Discussed a fascinating idea for a foundation model tool at lunch today: interactive navigation in embedding space.
Right now, you prompt most generative models with human language. That works, but it’s imprecise and coarse. If you’re generating an image of an outside scene, and you want the sunlight ever so slightly brighter, you could add the phrase “and ever so slightly brighter” to the prompt, and it might work, but it’s clunky, and not great, and clearly doesn’t scale. Maybe good enough for recreational use cases; clearly not professional grade.
What you really want to do is move your target in embedding space directly, without the lossy indirection of going through human language. Ideally, you’d have a dial that mapped directly to sunlight luminance, and you could bump it up just a bit. Similar to temperature for LLMs, but for fine control over direction and distance in high-dimensionality embedding space, as opposed to overall stochasticity.
Imagine a big mixing board at a professional music studio. You generate an initial image as a starting point, and the model analyzes it and gives you the top 100 principal components as vectors in embedding space, each [grounded](
https://techcommunity.microsoft.com/blog/fasttrackforazureblog/grounding-llms/3843857 ) to the closest embedding and human word that describes them. Smiles, spikiness, wood, buttons, height above the ground, crowd density, all sorts of concepts, each with a knob you can dial up or down. They won’t be entirely independent, so cranking up smiles may also move the warmth, happiness, and sociability knobs, which is ok.

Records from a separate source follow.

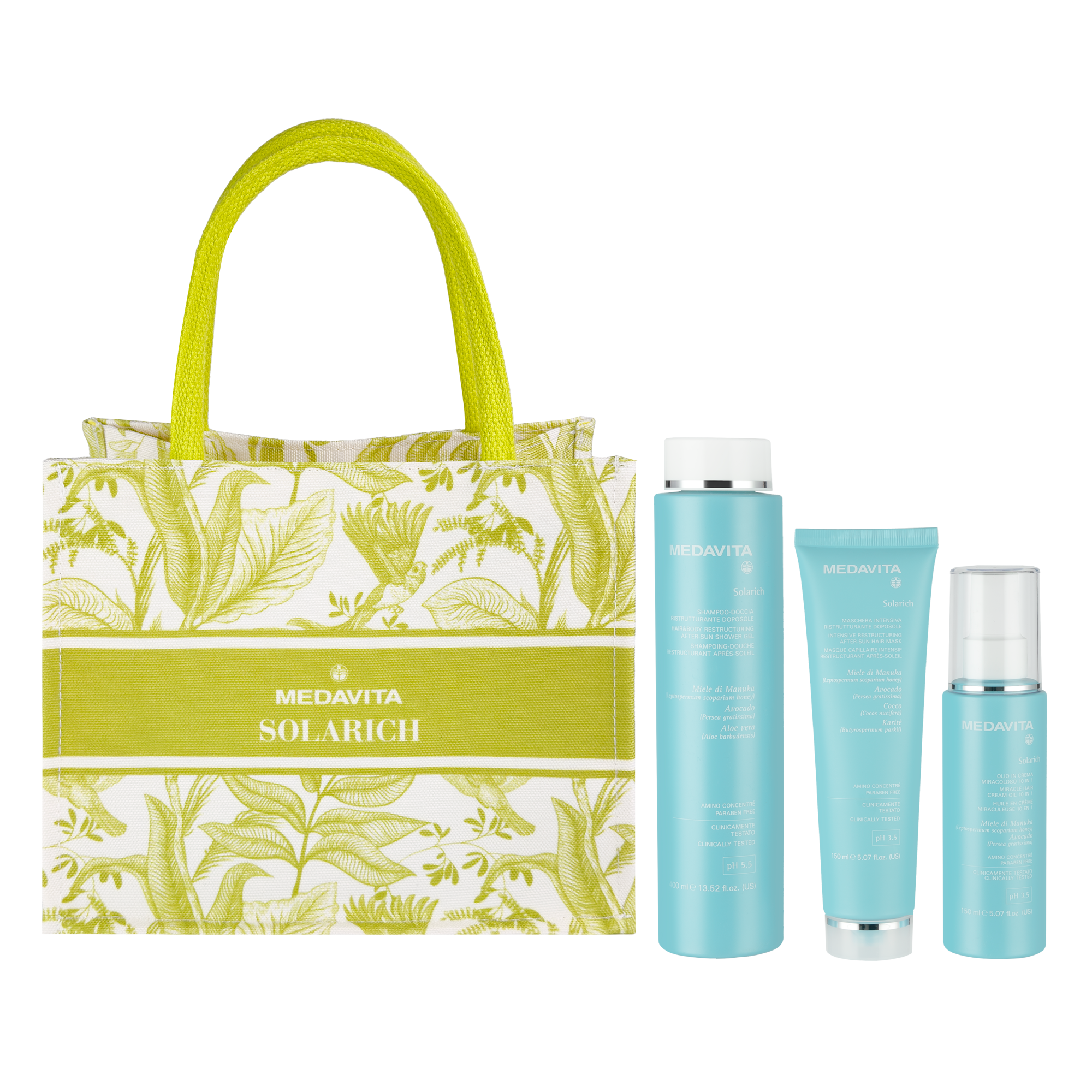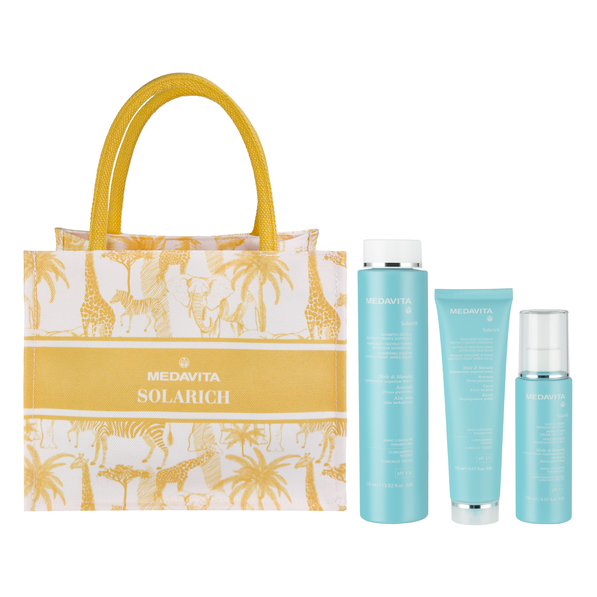 У наборі: відновлювальний шампунь і гель для душу, інтенсивна маска після сонця, сонцезахисний крем для волосся 10 в 1 із дзеркальним ефектом та пляжна сумка.
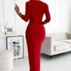 Glitter maxi, long dress with envelope neckline and leg slit. Made of stretchy red fabric with glitter. Brand numoco. Polish production.
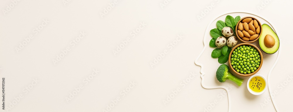• Brain-shaped food arrangement with healthy green vegetables, nuts, and eggs on light background for health and nutrition promotion concept.

It’s a complicated UI! Definitely not as approachable as “just type into the text box.” And typing into a text box has gotten us pretty far! But if we’re stuck with human language as our main interface to generative models, that’s extremely limiting. Professionals won’t tolerate that for long; they need more powerful, fine grained interfaces that give them a high degree of interactive control and ability to iterate. Language prompts may have gotten us here, as they say, but they may not get us there.
AI researchers will note that this has lots of prior art in grounding and interpretability, among other areas. I’m no expert, I’d love to hear any thoughts!